Implemented concrete dropout class and created metrics to evaluate uncertainty

MSRDL / Deep4Cast

Probabilistic Multivariate Time Series Forecast using Deep Learning

BSD 3-Clause "New" or "Revised" License

94 stars 22 forks source link

Implemented concrete dropout class and created metrics to evaluate uncertainty #44

Closed shirleyuw closed 6 years ago

shirleyuw commented 6 years ago

A few changes: (1) Implemented concrete dropout class, such that an optimal dropout rate can be automatically learnt based on the 'Concrete dropout' paper. For concrete dropout, predictions with uncertainty can be produced without specifying a dropout rate. I still kept the MCDropout class with a user-provided dropout rate. (2) Implemented two metrics to evaluate uncertainty: (a) Mean Scaled Inverse Score (MSIS) used in M6 time series competition for uncertainty, and (b) Coverage of prediction intervals, e.g. does the 95% prediction interval really have 95% chance to include the observations in test set? (3) demo the concrete dropout and metrics for uncertainty in the tutorials/incorporating-uncertainty.ipynt

zer0n commented 6 years ago

@satyanshukla , please help review this one as it is relevant to your next project. Nhat has also implemented/tested Concrete Dropout (see this closed PR) so you may want to check his code or pick his brain if you have questions.

zer0n commented 6 years ago

Let's wait to have some test first, to make sure that the implementation is correct.

Here are a few tests:

Calibration test (mentioned in Yarin's paper)
- Do we get better match in the calibration test than before concrete dropout?
Do we see a reduction in variance during training

shirleyuw commented 6 years ago

I will run these tests.

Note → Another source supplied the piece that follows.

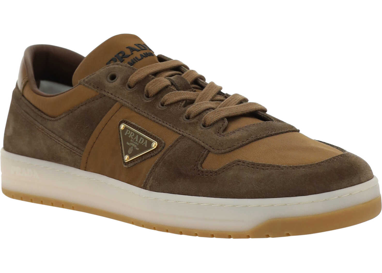 Calfskin Downtown Sneakers by Prada, panelled suede design, a lace-up front fastening, a round perforated toe, an iconic enameled triangular brand signature plaque applied to the outer side panel, a branded heel and front label, a flat sole, and a two-tone pattern.

Ken, can you explain more on the last test? Thanks, Shirley

On Jun 22, 2018, at 12:01 PM, Kenneth Tran notifications@github.com wrote:

Let's wait to have some test first, to make sure that the implementation is correct.

Here are a few tests:

Calibration test (mentioned in Yarin's paper) Do we get better match in the calibration test than before concrete dropout? Does the drop rate converge to 0 — You are receiving this because you authored the thread. Reply to this email directly, view it on GitHub, or mute the thread.

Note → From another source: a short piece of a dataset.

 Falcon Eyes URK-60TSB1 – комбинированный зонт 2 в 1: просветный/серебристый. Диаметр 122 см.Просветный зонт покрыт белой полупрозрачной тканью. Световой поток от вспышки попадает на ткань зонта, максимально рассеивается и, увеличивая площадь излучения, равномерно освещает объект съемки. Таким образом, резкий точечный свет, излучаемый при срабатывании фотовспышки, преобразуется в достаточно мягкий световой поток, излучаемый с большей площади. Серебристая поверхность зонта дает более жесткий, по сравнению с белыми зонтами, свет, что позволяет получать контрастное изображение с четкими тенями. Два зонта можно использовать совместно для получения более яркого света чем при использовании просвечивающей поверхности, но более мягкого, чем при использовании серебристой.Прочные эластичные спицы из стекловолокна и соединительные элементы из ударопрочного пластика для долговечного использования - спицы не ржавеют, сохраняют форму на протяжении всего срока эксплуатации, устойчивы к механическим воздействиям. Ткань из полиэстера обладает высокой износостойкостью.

shirleyuw commented 6 years ago

Added calibration plot to show if the coverage percentage matches the specified confidence level across the entire (0,1) range.
Did observe variability gets reduced as training epochs increases.
We decided to use MC dropout as default, instead of Concrete dropout. From the calibration plot, these two methods have similar performance. But the current Concrete dropout implementation only works on CNN, not yet for GRU and LSTM yet. We will create another ticket to implement Concrete dropout for RNN.